▶ _TASK TO CARRY OUT_
Please repeat exactly the lines below from the one containing "2x Decal style" down to the one containing "ファミリーマートが行った調査", both included, and nothing else.

▶ _RECORDS SUPPLIED_
──────────────────────────────
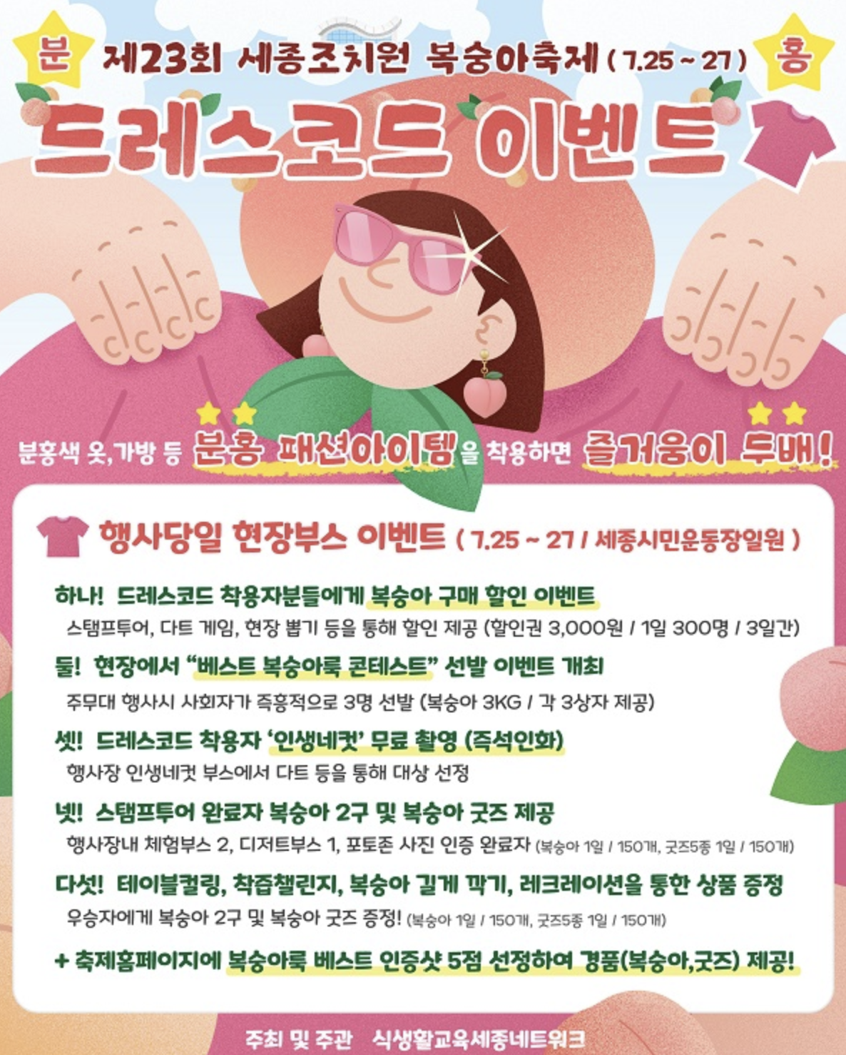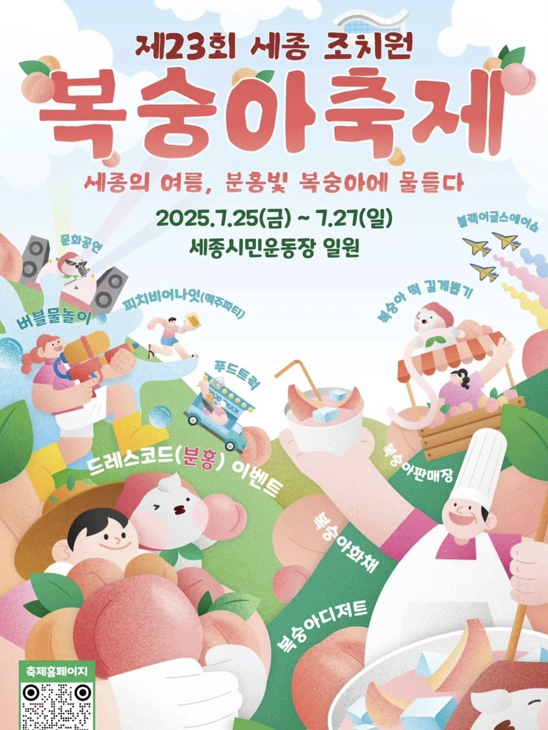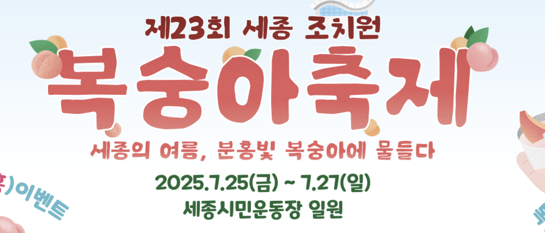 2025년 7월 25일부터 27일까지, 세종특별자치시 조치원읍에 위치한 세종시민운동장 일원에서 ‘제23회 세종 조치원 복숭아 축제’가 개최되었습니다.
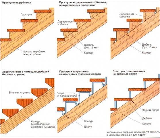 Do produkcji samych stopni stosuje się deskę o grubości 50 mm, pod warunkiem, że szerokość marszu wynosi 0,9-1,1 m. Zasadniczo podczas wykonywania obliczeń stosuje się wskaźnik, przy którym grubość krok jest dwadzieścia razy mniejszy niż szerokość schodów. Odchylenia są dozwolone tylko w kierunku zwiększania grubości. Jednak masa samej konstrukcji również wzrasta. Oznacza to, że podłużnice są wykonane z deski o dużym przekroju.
──────────────────────────────
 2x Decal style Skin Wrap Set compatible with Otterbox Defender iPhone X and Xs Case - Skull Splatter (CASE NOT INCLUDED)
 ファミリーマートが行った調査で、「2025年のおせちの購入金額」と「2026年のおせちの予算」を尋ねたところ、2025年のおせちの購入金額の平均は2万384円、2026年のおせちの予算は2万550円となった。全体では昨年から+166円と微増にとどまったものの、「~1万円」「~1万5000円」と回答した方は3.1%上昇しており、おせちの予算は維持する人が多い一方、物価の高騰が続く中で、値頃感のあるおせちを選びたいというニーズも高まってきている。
──────────────────────────────
▶ _THE ANSWER_
 2x Decal style Skin Wrap Set compatible with Otterbox Defender iPhone X and Xs Case - Skull Splatter (CASE NOT INCLUDED)
 ファミリーマートが行った調査で、「2025年のおせちの購入金額」と「2026年のおせちの予算」を尋ねたところ、2025年のおせちの購入金額の平均は2万384円、2026年のおせちの予算は2万550円となった。全体では昨年から+166円と微増にとどまったものの、「~1万円」「~1万5000円」と回答した方は3.1%上昇しており、おせちの予算は維持する人が多い一方、物価の高騰が続く中で、値頃感のあるおせちを選びたいというニーズも高まってきている。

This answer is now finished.